Reproduce the whole listing exactly and let no picture into the copy.

**Raw data**
--------
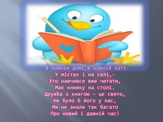 В кожнімдомі,вкожнійхаті-У містахіна селі,-Хтонавчивсявжечитати,Має книжку на столі.Дружба з книгою – це свято,Не було б його у нас,Ми не знали так багатоПро новийідавній час!
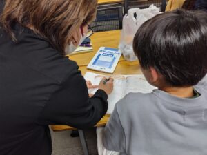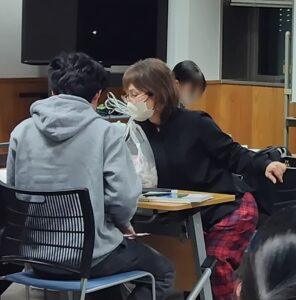 津田さんと一緒に駅までお迎えに来てくれた「りりかちゃん」が、中学生たちを前に数学と英語を教えています。
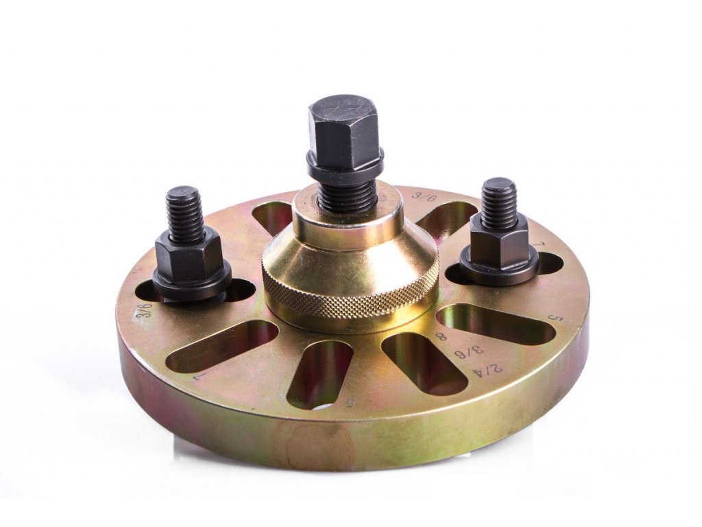 Aretační přípravek pro řemenice s průměrem od 70 do 100 mm, pro vozy VAG, Opel, Ford, BMW, Mercedes a pro francouzská a japonská vozidla.
--------
**Result for this task**
 В кожнімдомі,вкожнійхаті-У містахіна селі,-Хтонавчивсявжечитати,Має книжку на столі.Дружба з книгою – це свято,Не було б його у нас,Ми не знали так багатоПро новийідавній час!
 津田さんと一緒に駅までお迎えに来てくれた「りりかちゃん」が、中学生たちを前に数学と英語を教えています。
 Aretační přípravek pro řemenice s průměrem od 70 do 100 mm, pro vozy VAG, Opel, Ford, BMW, Mercedes a pro francouzská a japonská vozidla.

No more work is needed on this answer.